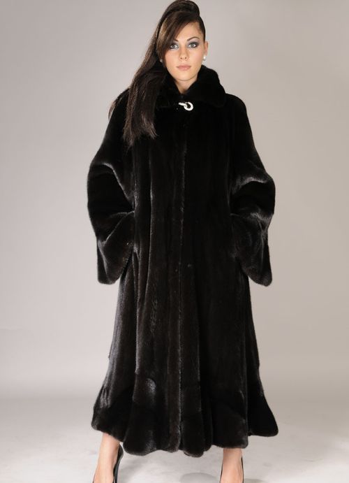 - Классическая удлиненная модель подойдет любительницам частого выхода в свет. Такой образ произведет впечатление струящимся и переливающимся ворсом. Это самый эффектный вариант шубы из меха степной норки.
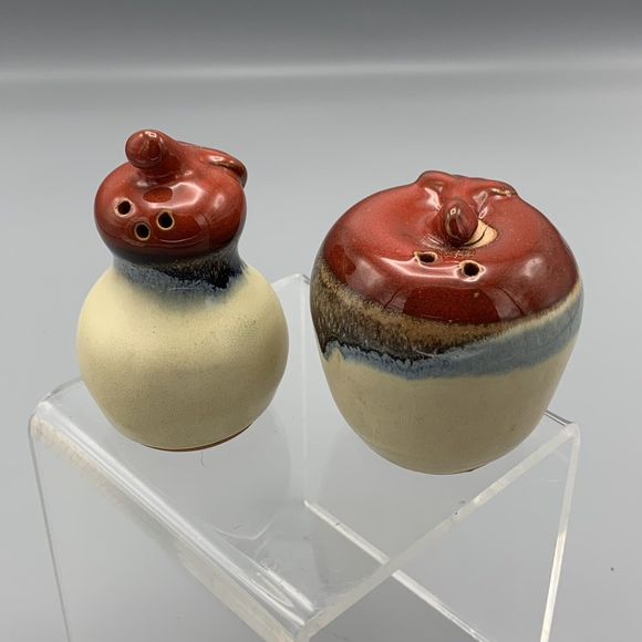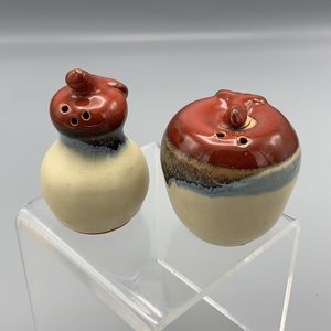 Vintage Studio Pottery Apple and Pear Salt and Pepper Shakers Glazed Red Blue Brown
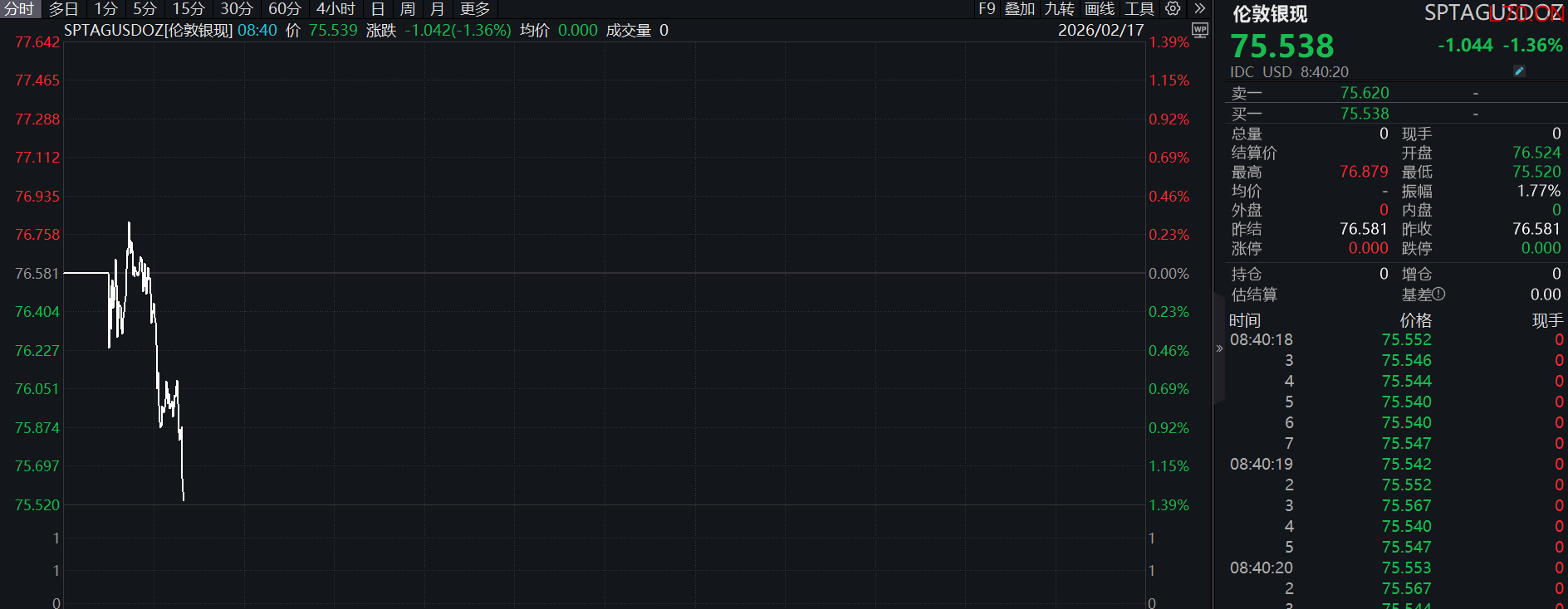 现货白银跌超1%

Work to be completed. Please output all of the data exactly as given, omitting any images it holds.

Reply to the exercise.
 - Классическая удлиненная модель подойдет любительницам частого выхода в свет. Такой образ произведет впечатление струящимся и переливающимся ворсом. Это самый эффектный вариант шубы из меха степной норки.
 Vintage Studio Pottery Apple and Pear Salt and Pepper Shakers Glazed Red Blue Brown
 现货白银跌超1%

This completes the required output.